- PROBLEM DETAILS
Pictures stay out; everything else from the first line of the entries down through the line with "秋日的一个傍晚,记者再次来到" gets copied exactly.

- GIVEN DATA

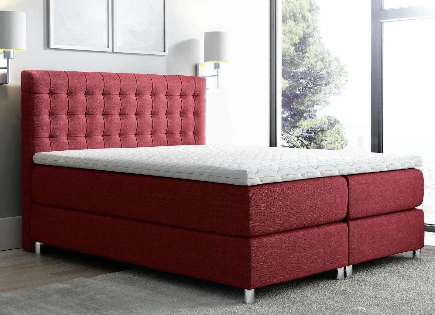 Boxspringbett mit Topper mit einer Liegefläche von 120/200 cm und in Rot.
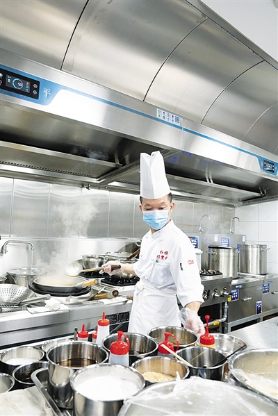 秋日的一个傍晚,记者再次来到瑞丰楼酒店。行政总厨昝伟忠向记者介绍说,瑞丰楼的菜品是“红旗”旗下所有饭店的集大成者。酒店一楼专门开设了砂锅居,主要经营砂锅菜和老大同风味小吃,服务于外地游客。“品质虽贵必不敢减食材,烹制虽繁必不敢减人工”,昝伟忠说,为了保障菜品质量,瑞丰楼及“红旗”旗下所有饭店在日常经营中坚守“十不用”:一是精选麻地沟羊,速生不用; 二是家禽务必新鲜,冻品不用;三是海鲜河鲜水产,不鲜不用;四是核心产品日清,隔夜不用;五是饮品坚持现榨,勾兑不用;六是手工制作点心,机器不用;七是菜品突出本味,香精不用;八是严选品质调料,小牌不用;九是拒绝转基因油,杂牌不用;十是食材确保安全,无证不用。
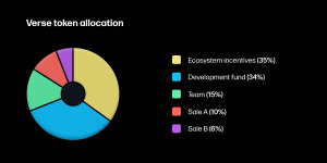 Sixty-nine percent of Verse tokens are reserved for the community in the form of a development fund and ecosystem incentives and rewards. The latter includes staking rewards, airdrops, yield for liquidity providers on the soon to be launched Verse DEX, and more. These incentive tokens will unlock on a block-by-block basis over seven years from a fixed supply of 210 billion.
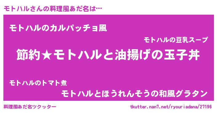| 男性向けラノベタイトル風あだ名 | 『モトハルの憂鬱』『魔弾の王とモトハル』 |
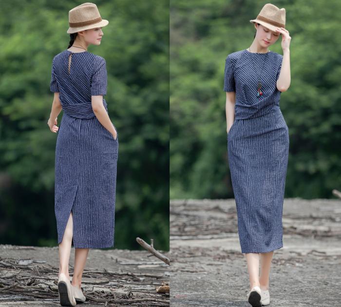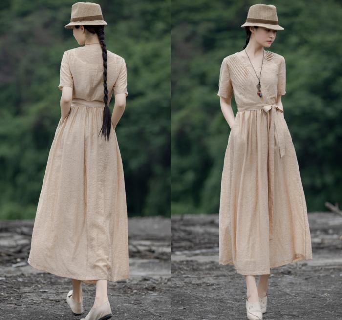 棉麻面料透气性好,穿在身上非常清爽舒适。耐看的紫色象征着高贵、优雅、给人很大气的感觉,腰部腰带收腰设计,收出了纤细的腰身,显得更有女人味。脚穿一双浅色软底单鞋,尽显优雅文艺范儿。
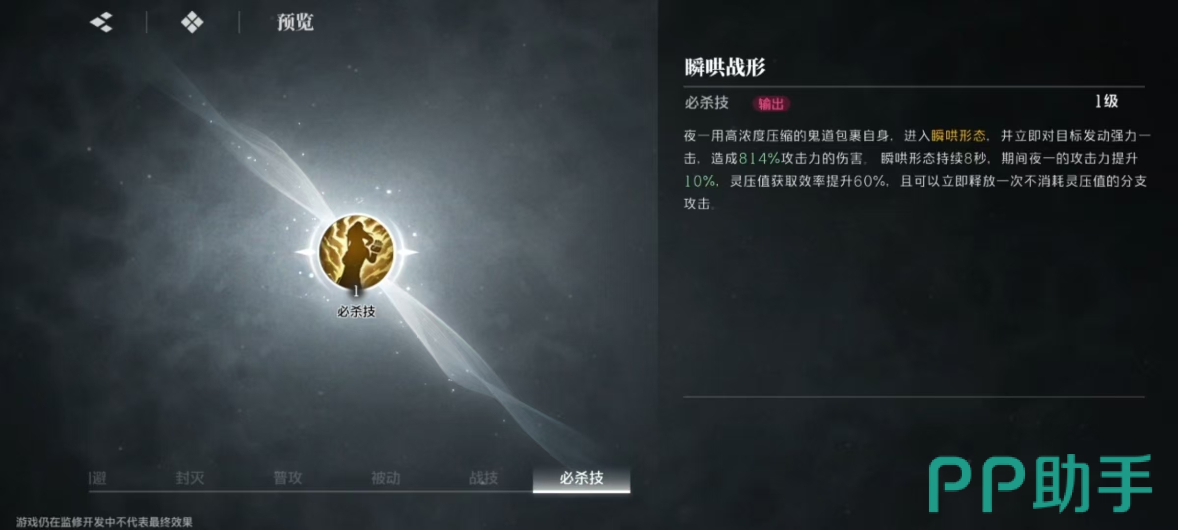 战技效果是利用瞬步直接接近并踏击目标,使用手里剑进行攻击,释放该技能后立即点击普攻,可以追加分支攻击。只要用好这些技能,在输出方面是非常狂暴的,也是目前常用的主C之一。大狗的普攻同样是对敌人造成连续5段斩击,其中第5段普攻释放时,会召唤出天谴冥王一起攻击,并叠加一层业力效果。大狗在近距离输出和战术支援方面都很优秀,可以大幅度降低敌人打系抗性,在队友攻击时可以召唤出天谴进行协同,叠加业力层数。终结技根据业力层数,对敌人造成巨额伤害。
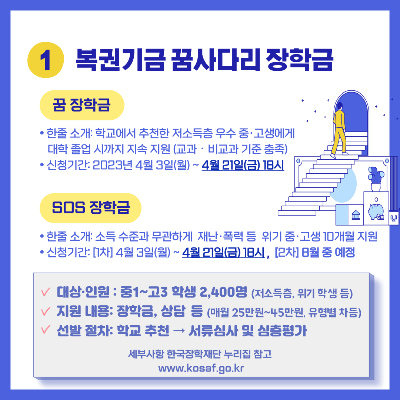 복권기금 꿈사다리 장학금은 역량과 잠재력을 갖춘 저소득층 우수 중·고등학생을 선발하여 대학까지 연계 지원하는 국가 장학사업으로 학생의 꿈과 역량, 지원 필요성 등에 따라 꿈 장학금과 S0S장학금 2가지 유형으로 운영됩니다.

- OUTPUT OF THE EXERCISE
 Boxspringbett mit Topper mit einer Liegefläche von 120/200 cm und in Rot.
 秋日的一个傍晚,记者再次来到瑞丰楼酒店。行政总厨昝伟忠向记者介绍说,瑞丰楼的菜品是“红旗”旗下所有饭店的集大成者。酒店一楼专门开设了砂锅居,主要经营砂锅菜和老大同风味小吃,服务于外地游客。“品质虽贵必不敢减食材,烹制虽繁必不敢减人工”,昝伟忠说,为了保障菜品质量,瑞丰楼及“红旗”旗下所有饭店在日常经营中坚守“十不用”:一是精选麻地沟羊,速生不用; 二是家禽务必新鲜,冻品不用;三是海鲜河鲜水产,不鲜不用;四是核心产品日清,隔夜不用;五是饮品坚持现榨,勾兑不用;六是手工制作点心,机器不用;七是菜品突出本味,香精不用;八是严选品质调料,小牌不用;九是拒绝转基因油,杂牌不用;十是食材确保安全,无证不用。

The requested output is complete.